The line with "夜幕轻垂,华灯如昼,黄冈市体育中心体育场人潮如织、光影交错、声浪叠涌。", the line with "Celebrate opulence and", and all lines between them in the material below: return these exactly, and no others.
=== Records for the task ===
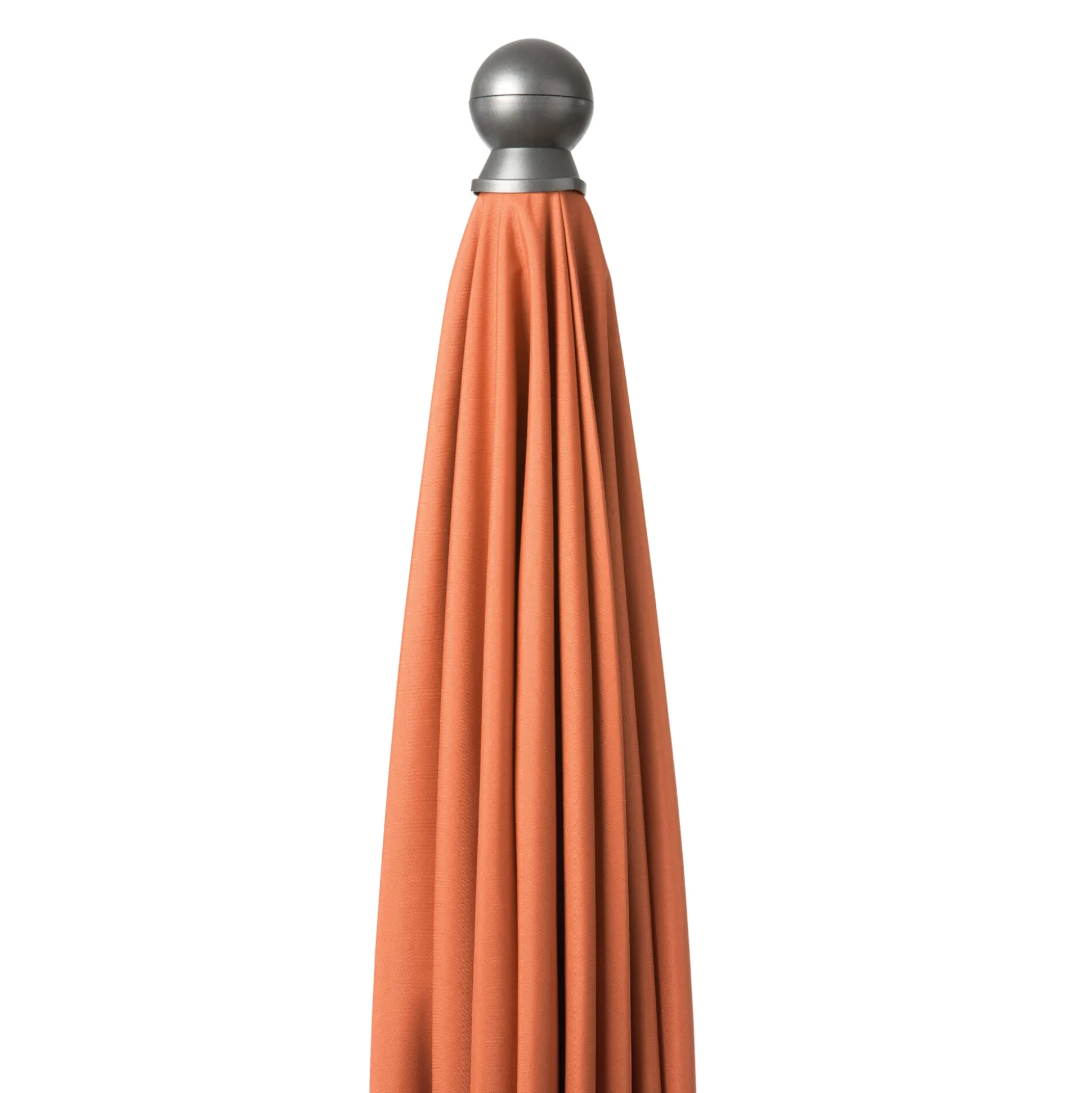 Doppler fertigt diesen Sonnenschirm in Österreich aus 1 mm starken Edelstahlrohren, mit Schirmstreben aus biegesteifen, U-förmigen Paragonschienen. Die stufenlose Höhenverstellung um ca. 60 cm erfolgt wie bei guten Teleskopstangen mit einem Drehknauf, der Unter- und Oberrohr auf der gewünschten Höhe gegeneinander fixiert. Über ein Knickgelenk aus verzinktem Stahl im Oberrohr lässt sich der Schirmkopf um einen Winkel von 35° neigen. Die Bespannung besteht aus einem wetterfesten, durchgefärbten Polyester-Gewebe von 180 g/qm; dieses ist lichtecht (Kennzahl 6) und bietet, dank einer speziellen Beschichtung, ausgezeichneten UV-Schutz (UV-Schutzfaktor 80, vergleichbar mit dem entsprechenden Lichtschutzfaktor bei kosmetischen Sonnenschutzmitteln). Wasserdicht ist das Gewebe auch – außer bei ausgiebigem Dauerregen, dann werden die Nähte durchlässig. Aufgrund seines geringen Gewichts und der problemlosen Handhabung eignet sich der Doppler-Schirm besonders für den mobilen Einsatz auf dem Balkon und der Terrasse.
===
=== Records for the task ===
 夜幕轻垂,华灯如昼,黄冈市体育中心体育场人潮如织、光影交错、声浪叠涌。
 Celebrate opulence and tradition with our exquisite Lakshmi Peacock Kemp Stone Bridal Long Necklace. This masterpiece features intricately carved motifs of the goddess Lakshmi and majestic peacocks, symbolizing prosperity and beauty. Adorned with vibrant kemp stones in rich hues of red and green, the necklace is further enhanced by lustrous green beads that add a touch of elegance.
===
=== Records for the task ===
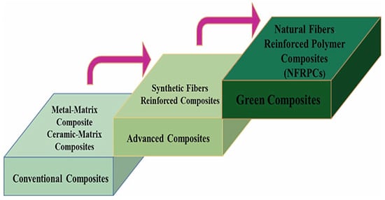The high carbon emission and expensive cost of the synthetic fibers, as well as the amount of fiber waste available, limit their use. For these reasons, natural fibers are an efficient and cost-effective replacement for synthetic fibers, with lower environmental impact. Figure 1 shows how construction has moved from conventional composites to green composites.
===
Response to this task:
 夜幕轻垂,华灯如昼,黄冈市体育中心体育场人潮如织、光影交错、声浪叠涌。
 Celebrate opulence and tradition with our exquisite Lakshmi Peacock Kemp Stone Bridal Long Necklace. This masterpiece features intricately carved motifs of the goddess Lakshmi and majestic peacocks, symbolizing prosperity and beauty. Adorned with vibrant kemp stones in rich hues of red and green, the necklace is further enhanced by lustrous green beads that add a touch of elegance.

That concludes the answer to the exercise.